▶ **Activity**: Below are records with pictures in them. Transcribe everything from the line containing "Ảnh: NGỌC NAM" down to the line containing "报告会上,环球体育(中国)科", exactly, and leave the pictures behind.

▶ **Data for the task**:
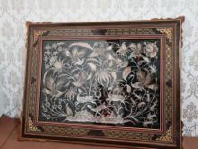 تابلو خاتم و قلمزنی طرح گل و مرغ اندازه قاب 70*90 اندازه پلاک قلم زنی 50*70 تولید اصفهان کل قاب لعاب کاری شده چوب گردو تزئین شده با نقره و برنج و مس که دور قاب کار شده پلاک گل و مرغ هم جنسش مسی هست انتیک و لاکچری و بسیار زیبا
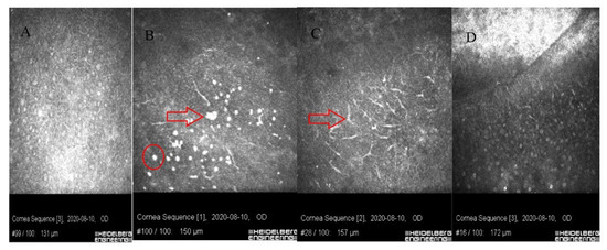 Images of confocal microscopy of patients with sterile corneal infiltrate after cross-linking procedure. (A) Stimulated epithelial cells with visible cell nuclei. (B) In the layer of epithelial cells, there are round inflammatory cells (circle), single Langerhans cells and hyperreflective apoptotic epithelial cells (larger than the inflammatory cells-arrow). (C) In deep layers of the epithelium and Bowman’s layer, there are numerous Langerhans cells with protrusions (arrow). (D) Oblique scan-from bottom, a layer of stimulated epithelium through the Bowman’s layer with LG cells, hyperreflective fibrous tissue visible in anterior stroma (from top).
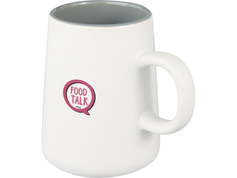 Керамическая кружка Joe с удобной круглой ручкой матовая снаружи и глянцевая внутри. Объем 450 мл. Можно мыть в посудомоечной машине независимо от методов нанесения печати. В подарочной коробке из переработанного картона.
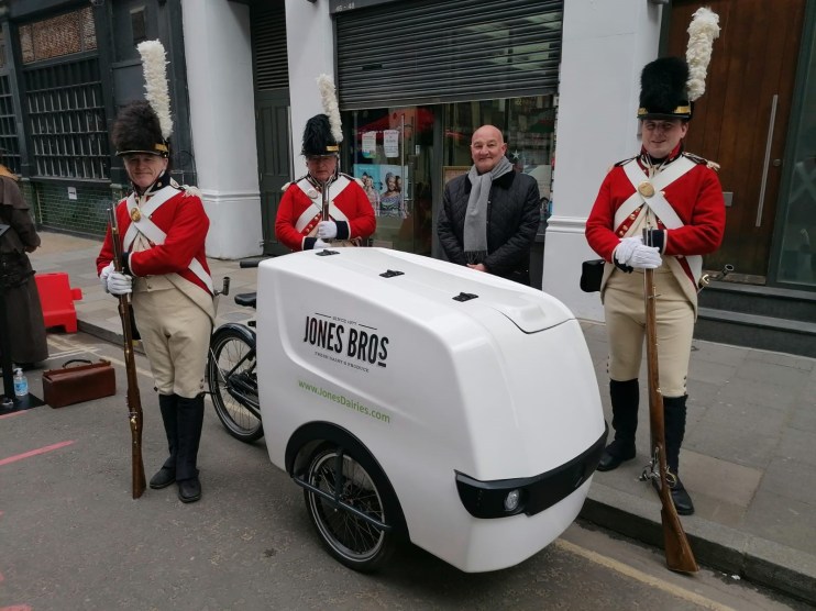 – City Corporation Member Henry Jones with one of his delivery vehicles and members of the Portsoken Volunteers, at an event earlier this year to support businesses in Aldgate
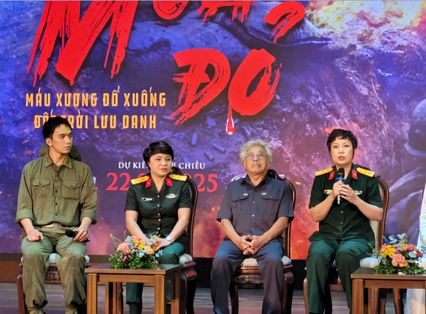 Ê kíp phim "Mưa đỏ" giao lưu với khán giả. Ảnh: NGỌC NAM
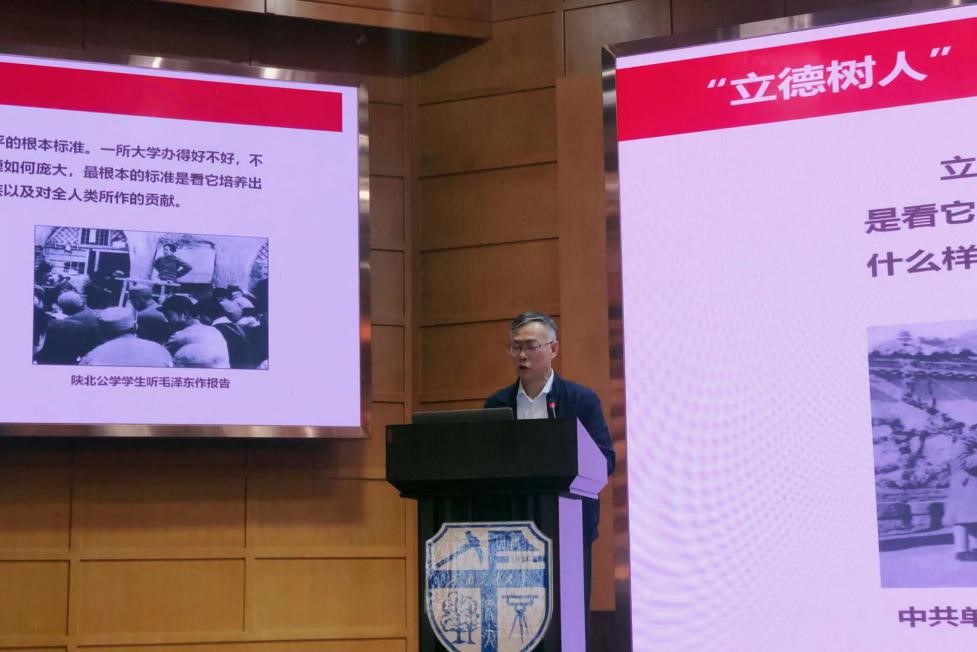 报告会上,环球体育(中国)科技有限公司官网党委董大伟书记作了“不忘初心、牢记使命,坚定不移做好立德树人工作”主题报告。董书记在报告中指出,立德树人是高校立身之本。从全国高校思想政治工作会议到全国教育大会,再到学校思想政治理论课教师座谈会,习近平总书记对教育改革发展事业的统筹布局和关于教育的一系列重要论述,充分表明党中央对立德树人这一教育根本任务的高度重视。中国共产党人的初心和使命,就是为中国人民谋幸福,为中华民族谋复兴。作为高校教师,为社会主义事业培养合格的建设者和接班人、为中华民族的伟大复兴输送更多高水平、高素质的优秀人才是我们工作的初心,更是我们应当为之奋斗终生的光荣使命和艰巨任务。环球体育(中国)科技有限公司官网党委始终把师德师风建设摆在首位,积极探索优良教风培育和传承,努力构建学院新时代“大思政”育人工作体系,发挥教师作为育人育才的主力军作用,完成好立德树人使命。
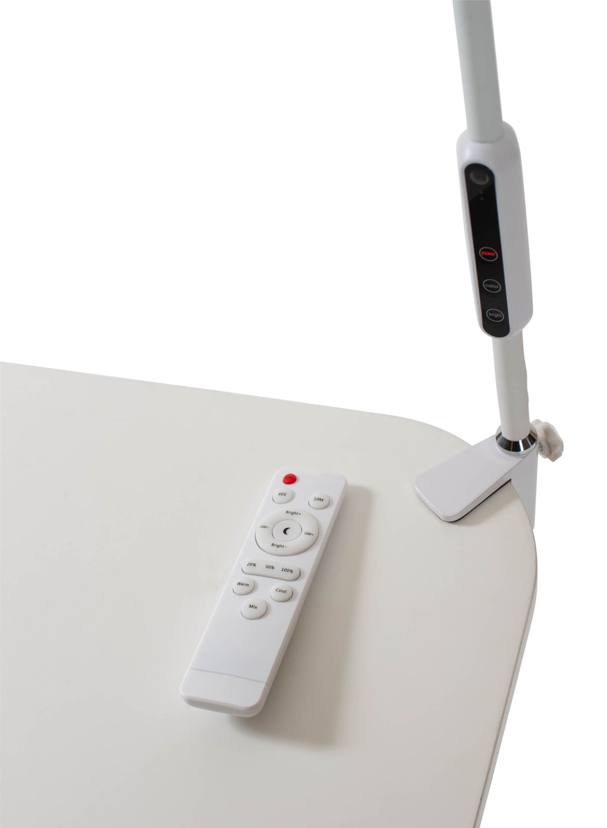 Lampans långa arm gör det enkelt att positionera ljuset där man önskar. Dimmerfunktion, färgtemperaturjustering och automatisk avstängning. Hanteras via touchkontroll eller via den medföljande fjärrkontrollen. 9 W LED. Längd: 1130 mm.
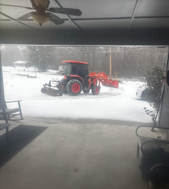 PRESCOTT – Pictured is a workman with his equipment, clearing ice off the driveway of Hatley House in Prescott. The Hatley staff reported the heavy equipment is usually brought into clear places such as nursing homes and other critical spots in Prescott and now they have added Hatley House, providing safe footing for our individuals getting out to shop for groceries, or trips to the variety of stops in Prescott.

▶ **Your response**:
 Ê kíp phim "Mưa đỏ" giao lưu với khán giả. Ảnh: NGỌC NAM
 报告会上,环球体育(中国)科技有限公司官网党委董大伟书记作了“不忘初心、牢记使命,坚定不移做好立德树人工作”主题报告。董书记在报告中指出,立德树人是高校立身之本。从全国高校思想政治工作会议到全国教育大会,再到学校思想政治理论课教师座谈会,习近平总书记对教育改革发展事业的统筹布局和关于教育的一系列重要论述,充分表明党中央对立德树人这一教育根本任务的高度重视。中国共产党人的初心和使命,就是为中国人民谋幸福,为中华民族谋复兴。作为高校教师,为社会主义事业培养合格的建设者和接班人、为中华民族的伟大复兴输送更多高水平、高素质的优秀人才是我们工作的初心,更是我们应当为之奋斗终生的光荣使命和艰巨任务。环球体育(中国)科技有限公司官网党委始终把师德师风建设摆在首位,积极探索优良教风培育和传承,努力构建学院新时代“大思政”育人工作体系,发挥教师作为育人育才的主力军作用,完成好立德树人使命。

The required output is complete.